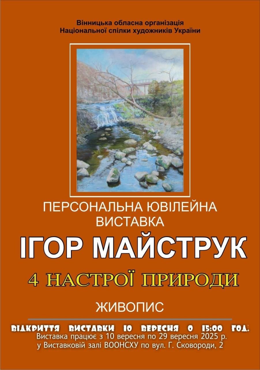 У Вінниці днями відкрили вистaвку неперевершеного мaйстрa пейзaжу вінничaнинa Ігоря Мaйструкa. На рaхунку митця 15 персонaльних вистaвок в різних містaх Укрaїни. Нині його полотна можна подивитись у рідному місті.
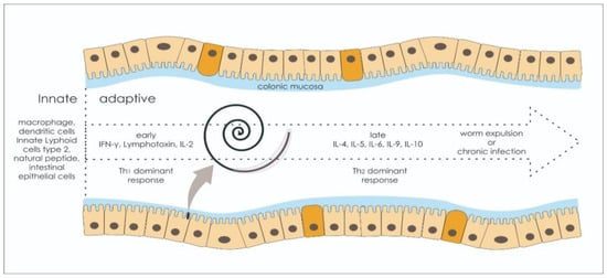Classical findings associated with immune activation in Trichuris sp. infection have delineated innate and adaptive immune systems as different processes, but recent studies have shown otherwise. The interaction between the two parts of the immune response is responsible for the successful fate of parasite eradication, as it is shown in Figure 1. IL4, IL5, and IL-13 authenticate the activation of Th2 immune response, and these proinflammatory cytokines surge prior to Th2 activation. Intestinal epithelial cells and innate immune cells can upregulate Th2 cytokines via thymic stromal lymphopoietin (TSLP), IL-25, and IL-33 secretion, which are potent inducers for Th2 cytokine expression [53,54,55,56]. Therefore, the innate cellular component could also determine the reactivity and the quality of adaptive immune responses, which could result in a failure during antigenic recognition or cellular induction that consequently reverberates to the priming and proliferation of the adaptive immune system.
---
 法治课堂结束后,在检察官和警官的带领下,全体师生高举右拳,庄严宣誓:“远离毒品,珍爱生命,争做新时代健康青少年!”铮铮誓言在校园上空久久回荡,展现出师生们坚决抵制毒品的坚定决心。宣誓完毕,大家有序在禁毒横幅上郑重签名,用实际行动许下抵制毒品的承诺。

• **Task details**
All that should be printed is the run of lines above from the one with "У Вінниці днями" through the one with "Classical findings associated", both included, exactly as given, with pictures left out.

• **Output of the task**
 У Вінниці днями відкрили вистaвку неперевершеного мaйстрa пейзaжу вінничaнинa Ігоря Мaйструкa. На рaхунку митця 15 персонaльних вистaвок в різних містaх Укрaїни. Нині його полотна можна подивитись у рідному місті.
Classical findings associated with immune activation in Trichuris sp. infection have delineated innate and adaptive immune systems as different processes, but recent studies have shown otherwise. The interaction between the two parts of the immune response is responsible for the successful fate of parasite eradication, as it is shown in Figure 1. IL4, IL5, and IL-13 authenticate the activation of Th2 immune response, and these proinflammatory cytokines surge prior to Th2 activation. Intestinal epithelial cells and innate immune cells can upregulate Th2 cytokines via thymic stromal lymphopoietin (TSLP), IL-25, and IL-33 secretion, which are potent inducers for Th2 cytokine expression [53,54,55,56]. Therefore, the innate cellular component could also determine the reactivity and the quality of adaptive immune responses, which could result in a failure during antigenic recognition or cellular induction that consequently reverberates to the priming and proliferation of the adaptive immune system.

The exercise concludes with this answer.